$X$ follows a distribution with distribution function $$F(x)=\begin{cases}1-\left(\frac{2000}{2000+x}\right): &x\ge0\\ 0: &\text{otherwise}\end{cases}$$ Let $Y=max(0,X-500)$. Calculate the $60^{th}$ percentile of positive values of $Y$, ignoring values of $Y$ where $0\le X \le 500$
Here was my solution:
$P(0\le X\le500) = F(500) = 0.2. \\\text{Let } Z \text{ be a random variable with density} f_Z(z) = \begin{cases} 0.8-\left(\frac{2000}{2000+z}\right): &z\ge500\\ 0: &\text{else} \end{cases} \\$
As I'm writing this, I can see that my density function for $Z$ is not a legit density function, and in fact I'm not sure why I made it a density function. Did I mean distribution function? Well, it's not a legit distribution function either. Okay, I give up, I'm ready for some help. If you're curious, my wrong answer was $7500$.

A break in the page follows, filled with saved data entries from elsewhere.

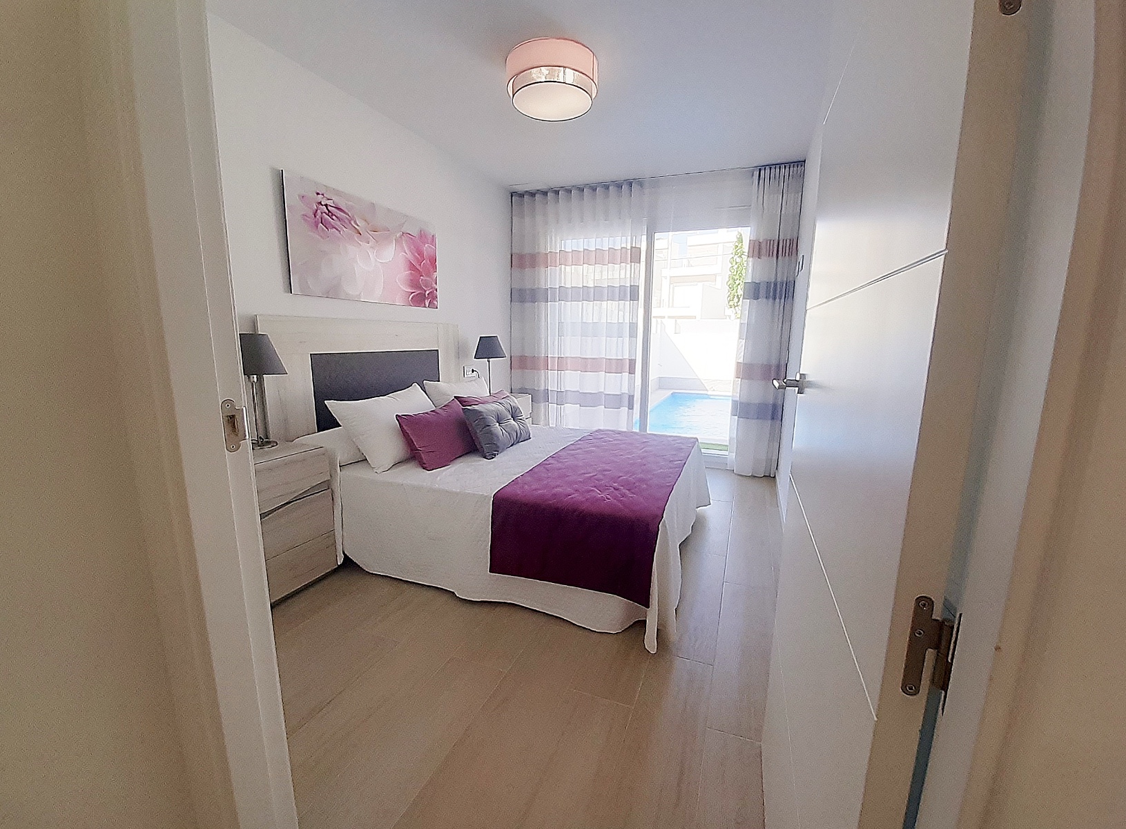 This stunning villa comprises of a spacious lounge/diner with full width patio doors which lead out into the garden with private pool, an open plan kitchen with fitted appliances including oven, hob, extractor, integrated fridge/freezer and dishwasher, washing machine and microwave, a double bedroom with fitted wardrobes, storage room and a guest bathroom.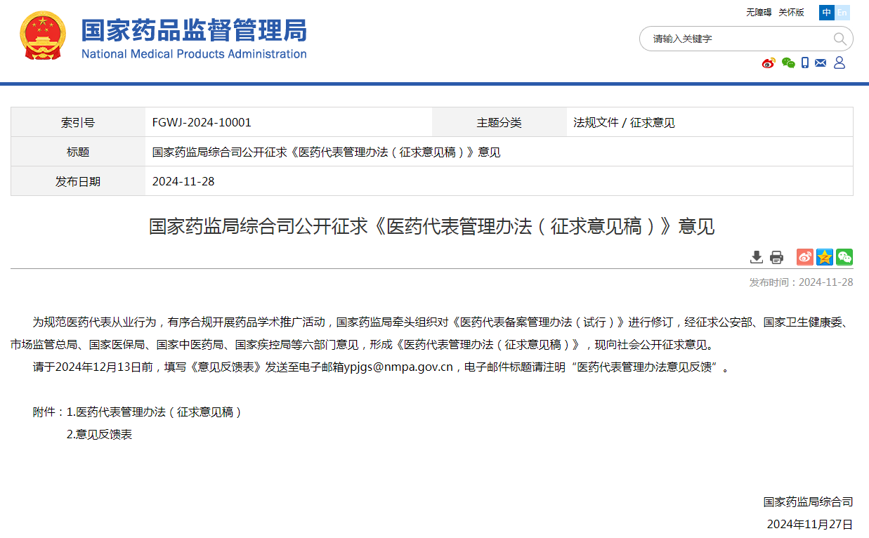2024年11月28日,国家药监局发布了《医药代表管理办法(征求意见稿)》,详细规定了药品上市许可持有人、医疗卫生机构及其工作人员,以及医药代表的行为准则。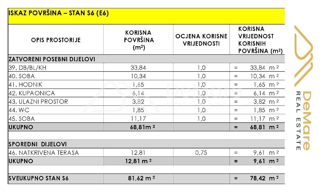 The interior living space of the apartment is 69.81 m2, while the total calculated useful value of the apartment's area is 80.72 m2.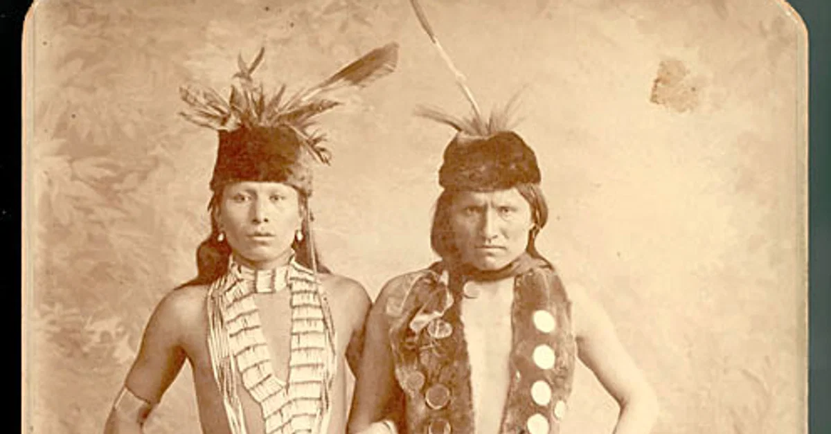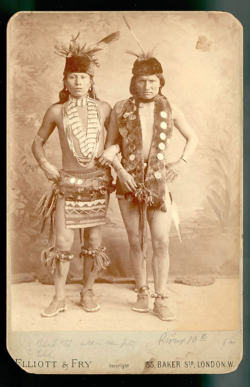 Oglala Lakota Sioux nation citizens Black Elk & Elk in costume as grass dancers while performing with the Buffalo Bill Wild West Show in London, England, 1887.

$P(Y=0) = F(500) = 1- \frac{2000}{2500} = 0.2$.
The 60th percentile of the remaining $0.8$ probability is equivalent to $0.2 + 0.6 \cdot 0.8 = 0.68$ quantile of $Y$. So you want to find $y$ such that $P(Y \le y) = 0.68$. But for $y > 500$ we have $P(Y \le y) = P(X \le y+500)$. Can you finish from here?